====== Exercise materials
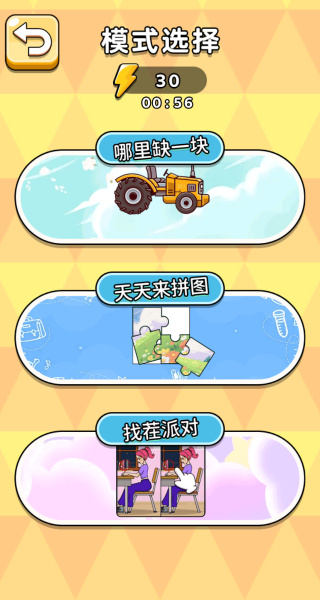 2、游戏内设有多种可供选择的模式,像“哪里缺一块”“天天来拼图”“找茬派对”等都包含其中,你能够依据自身喜好进行自由挑选。
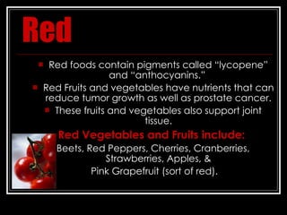 The document discusses the health benefits of fruits and vegetables grouped by color. Red produce contains lycopene and anthocyanins which can reduce cancer growth and support joints. Orange and yellow fruits and vegetables contain carotenoids which convert to vitamin A to support eye and immune health and reduce cancer risk. Green produce contains chlorophyll, lutein, and folate which can lower blood pressure and cholesterol while supporting digestion. Blue and purple foods contain anthocyanins which act as antioxidants and can reduce the risk of heart disease and stroke. White produce contains anthoxanthins which can lower cholesterol and reduce cancer risk.
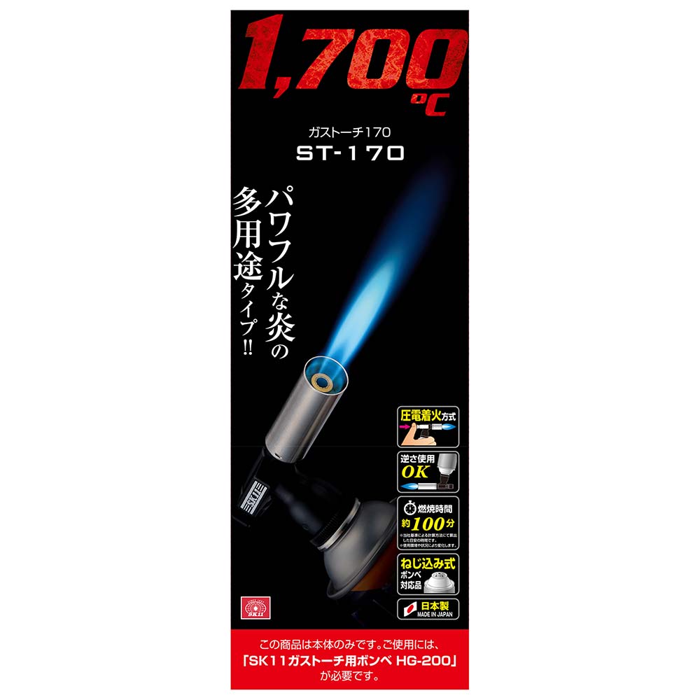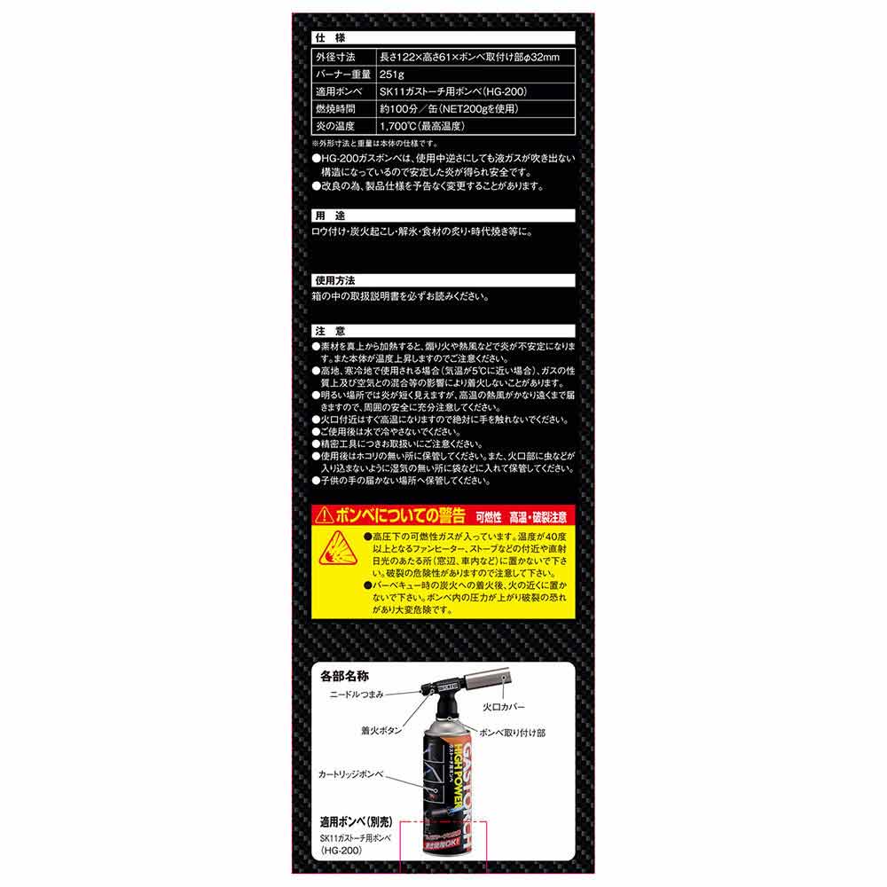 本体のみです。ご使用にはSK11ガストーチ用ボンベ(HG-200)が必要です。 ご使用前に必ず取扱説明書、使用上の注意をお読みください。高圧下の可燃性ガスが入っています。温度が40度以上となるファンヒーター、ストーブなどの付近や直射日光のあたる所(窓辺、車内など)に置かないで下さい。破裂の危険性があります。 バーベキュー時の炭火への着火後、火の近くに置かないで下さい。ボンベ内の圧力が上がり破裂の恐れがあり大変危険です。
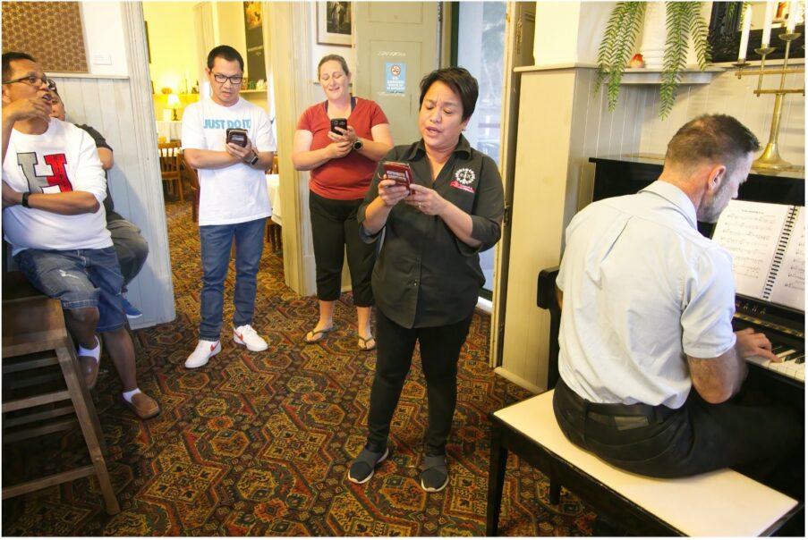 We then welcomed new members to “Team New Norcia”: Shelly (Roadhouse), and French backpackers, Iness (Roadhouse) and Julian (Grounds and Maintenance). And what would a community celebration be without a song.
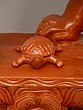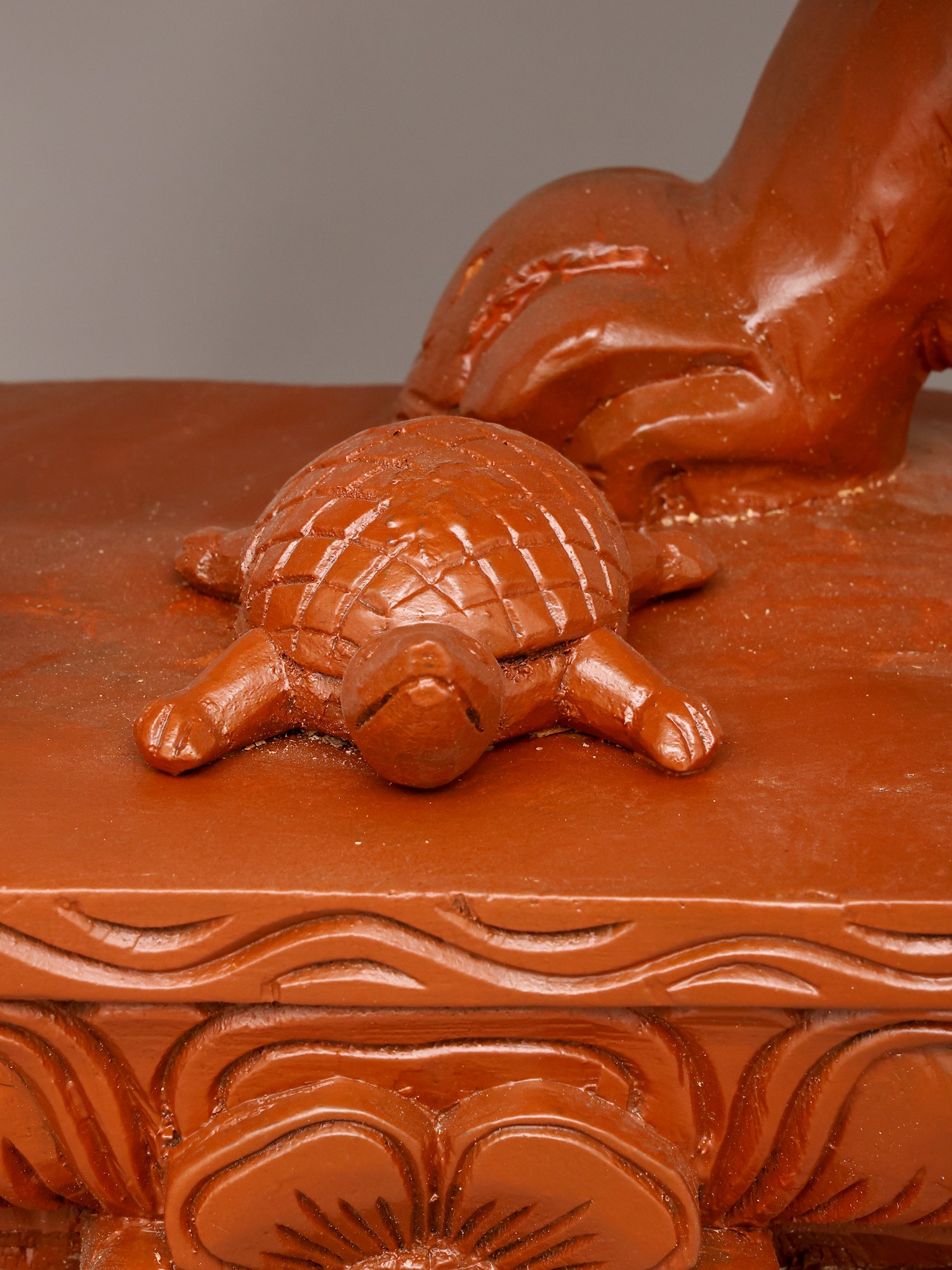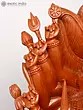 This substantial carving, meticulously crafted from wood, showcases the exceptional artistry and dedication of the artisans. The rich, warm hue of the wood lends an earthy, organic feel to the divine form, while the fine detailing on every element – from the flowing fabric of Durga's attire to the texture of the lion's mane – highlights the sculptor's mastery. The sheer scale of this piece, at 48 inches tall, makes it a truly statement-making addition, capable of commanding attention and inspiring reverence. The smooth finish and deep, resonant carvings create a tactile and visual experience that draws the viewer into the devotional narrative of the Goddess. This is not just a statue; it is a piece of sacred art that carries centuries of tradition and devotion within its sculpted form.
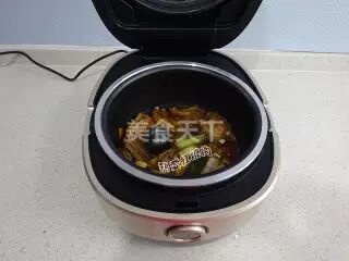 10、将锅里所有炒好的菜一起倒入电饭锅中,然后盖好盖儿,选择焖饭功能即可。
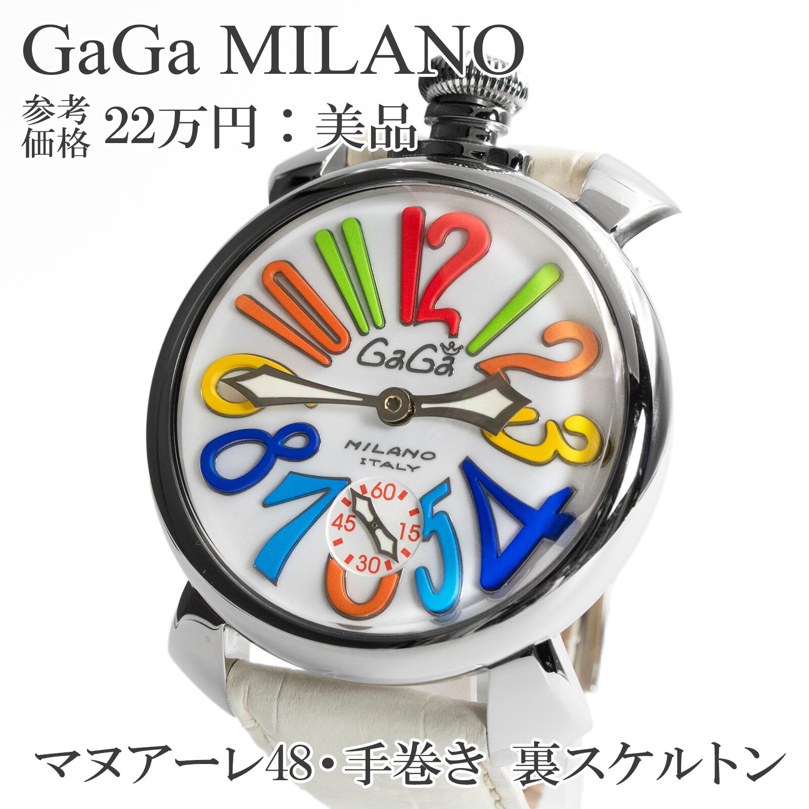 送料無料 ガガミラノ 腕時計 手巻き式 メンズ マヌアーレ48mm 5010.01S 白 橙 水色 緑 青 派手 目立つ ロゴ 裏スケルトン カラフル Q087
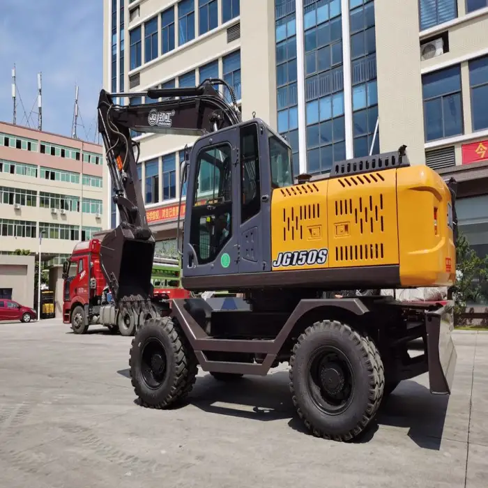 This excavator is suitable for excavating foundations, digging trenches, landscaping, heavy lifting, and road construction.
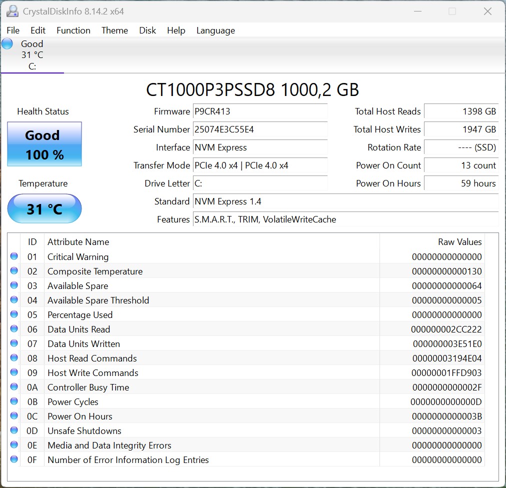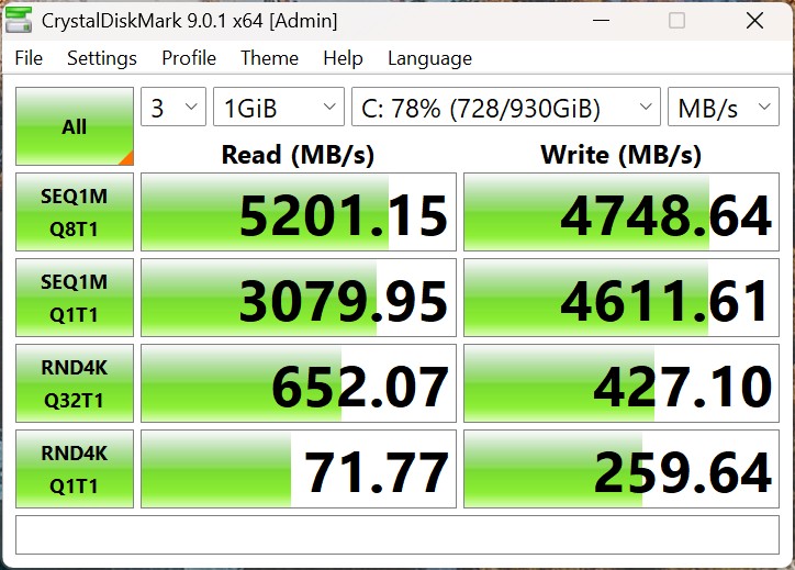 Peladn HO5'te 1 TB depolama kapasitesine sahip Crucial P3 Plus kullanılmıştır. Testte SSD, yüksek aktarım hızlarına ulaşıyor ve kısa yükleme süreleri sağlıyor, ancak performans açısından tipik PCIe 4.0 modelleriyle aynı seviyede.
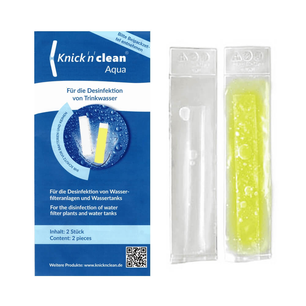 knick’n’clean® aqua ist das effektivste Desinfektionssystem für Wasserfilteranlagen & Trinkwassersysteme im Haushalt, Industrie, Camping, Boot und Caravan. Es besteht aus einem Kunststoffbeutel (mit Trinkwasserzulassung) in dem sich in getrennten Kammern zwei Flüssigkeiten befinden. Durch das Vermengen beider Flüssigkeiten, durch Zerdrücken des inneren Beutels (knick ...) direkt vor der Anwendung wird knick'n'clean aktiviert. Die volle Wirksamkeit eines aktivierten Beutels erkennt man an der Gelbfärbung.
============
**Task requirements**:
The answer consists solely of the lines from the one holding "Peladn HO5'te 1" through the last line of the entries above, set down verbatim, without any pictures.

**Answer to this task**:
 Peladn HO5'te 1 TB depolama kapasitesine sahip Crucial P3 Plus kullanılmıştır. Testte SSD, yüksek aktarım hızlarına ulaşıyor ve kısa yükleme süreleri sağlıyor, ancak performans açısından tipik PCIe 4.0 modelleriyle aynı seviyede.
 knick’n’clean® aqua ist das effektivste Desinfektionssystem für Wasserfilteranlagen & Trinkwassersysteme im Haushalt, Industrie, Camping, Boot und Caravan. Es besteht aus einem Kunststoffbeutel (mit Trinkwasserzulassung) in dem sich in getrennten Kammern zwei Flüssigkeiten befinden. Durch das Vermengen beider Flüssigkeiten, durch Zerdrücken des inneren Beutels (knick ...) direkt vor der Anwendung wird knick'n'clean aktiviert. Die volle Wirksamkeit eines aktivierten Beutels erkennt man an der Gelbfärbung.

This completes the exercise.